The initial proposal sparked concerns about the continuation of oyster farming. Chan Shu Fung, who frequently liaises with the government as the chair of farmers’ group the Deep Bay Oyster Cultivation Association, is hopeful though. He says the latest planning proposal pledges to conserve part of the bay and promote oyster traditions. Doing this while improving infrastructure could bring more tourists to experience its oyster culture, he hopes.

“If the urbanisation plan does not come into conflict with oyster farming and the ecosystem it depends on, it has more benefits than drawbacks,” he says.

Visitors to Lau Fau Shan taste the village’s famous dried oysters. Residents hope a major new development project in the area will promote their oyster-farming traditions and boost tourism (Image: Shanshan Kao / Dialogue Earth)
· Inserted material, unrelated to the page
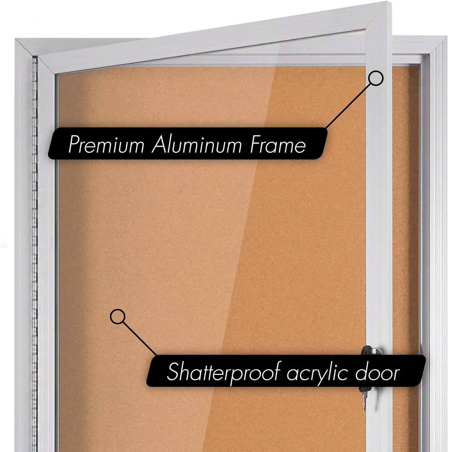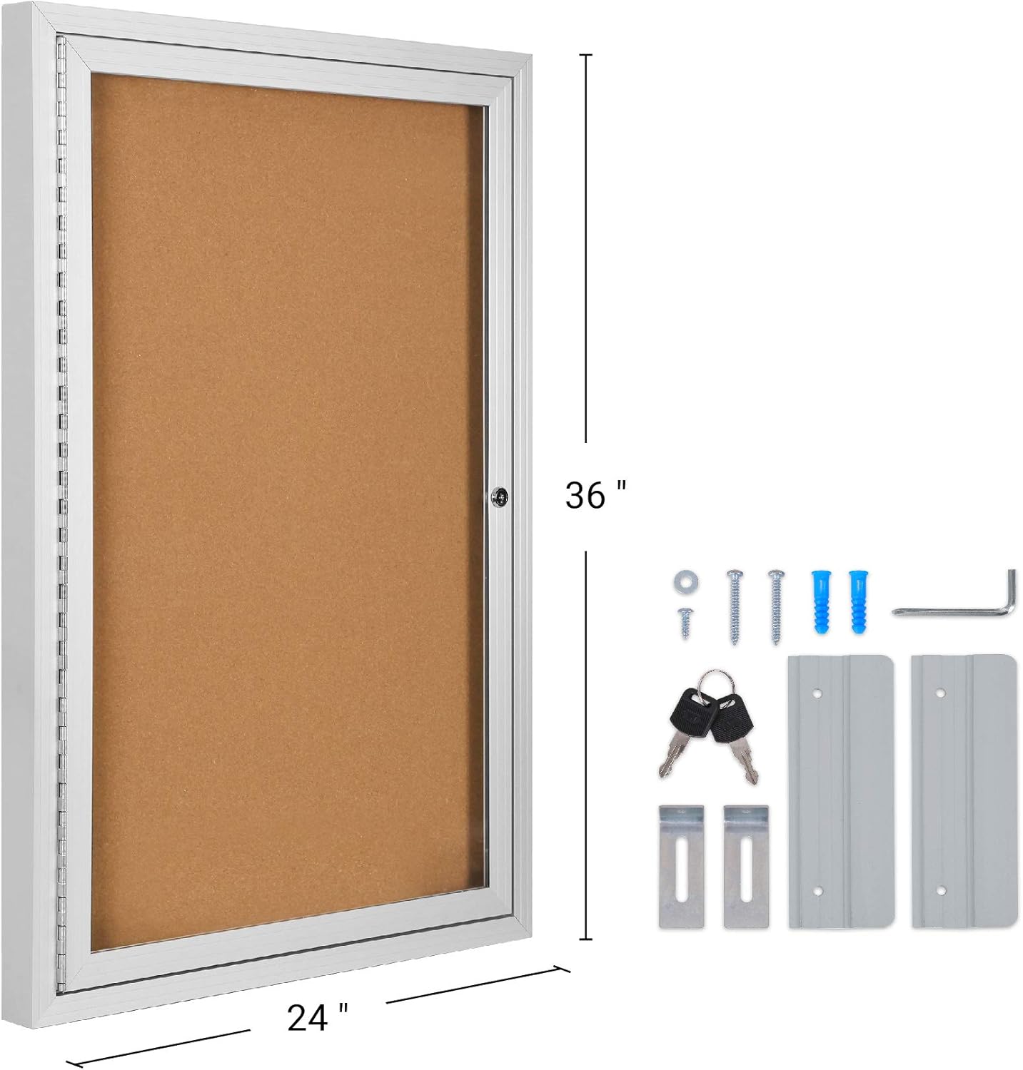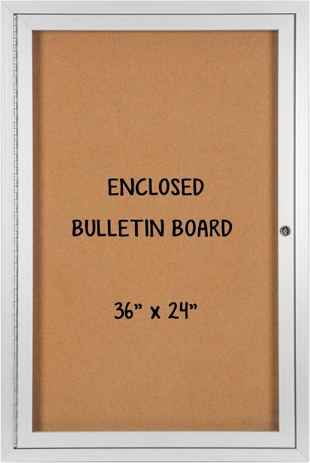 24 X 36 Enclosed Cork Board with Locking Door – Silver Weatherproof, Wall Display Case with Swing-Open Door

Chan Kwok Leung fears the industry could decline further under seemingly unstoppable trends of urbanisation, climate change and younger people reluctant to take up the hard life of an oyster farmer.

But he is determined to keep trying, adding modern innovations like the Super Oyster to an ancient tradition.

The forces battering Hong Kong’s oyster farms are strong, but Chan Kwok Leung cites a Chinese idiom that only gold remains after strong waves wash away the sand.

“We had our glory days,” he says. “I am trying to do something now. Hopefully, new technological breakthroughs may bring them back.”